As dataframe.corr() method by default uses pearson corelation .both functions should give similar results.but that is not happening .below are the two images of results.

pvalues

CorelationCoeff

if you observe 2 results from images , the features which has lowest corelation coeff doesnt have high p values.


Solution

  • The issue here is that when you check pairwise Pearson correlations, you are not factoring for the effect of all the other variables. So you can't expect a direct relation between Pearson correlation to the target, and the p-value within the regression model.
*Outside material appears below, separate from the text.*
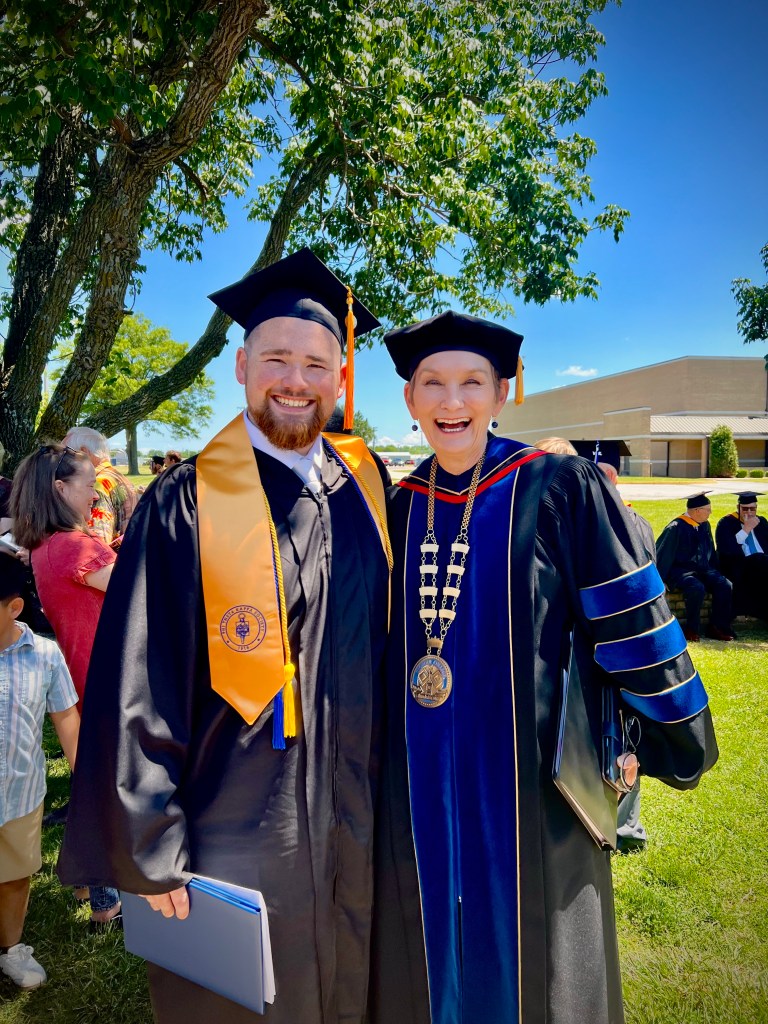 In 2024, I graduated from Crowder College in Neosho, Missouri with an associate’s degree in pre-engineering. Pictured here is a graduation photo with the President of Crowder, Dr. K. Pierson. I am now currently pursuing a bachelor’s degree in electrical engineering at Missouri S&T through the cooperative engineering program with Missouri State University in Springfield. After obtaining this degree, I plan to continue my journey in the engineering industry.

    Here is an extreme example to illustrate this:

    Say we have a target c, which is defined by sum of two features a+b. Say you have the following training set:

    a = [1, 2, 3, 4, 5, 1, 2, 3, 4, 5]    
    b = [4, 3, 2, 1, 0, 6, 5, 4, 3, 2]  
    c = [5, 5, 5, 5, 5, 7, 7, 7, 7, 7]
    

    Notice here that, even though a+b perfectly gives you c, if you just check the correlation between a and c, you would have 0!

    numpy.corrcoef(a, c)  
    > array([[1., 0.],
             [0., 1.]])  
    

    But if you plug these data into a linear regression estimator, you would of course get an extremely small p-value for a.

    So as you see, small pairwise correlation to the target does not necessarily imply a lack of effect/small p-value.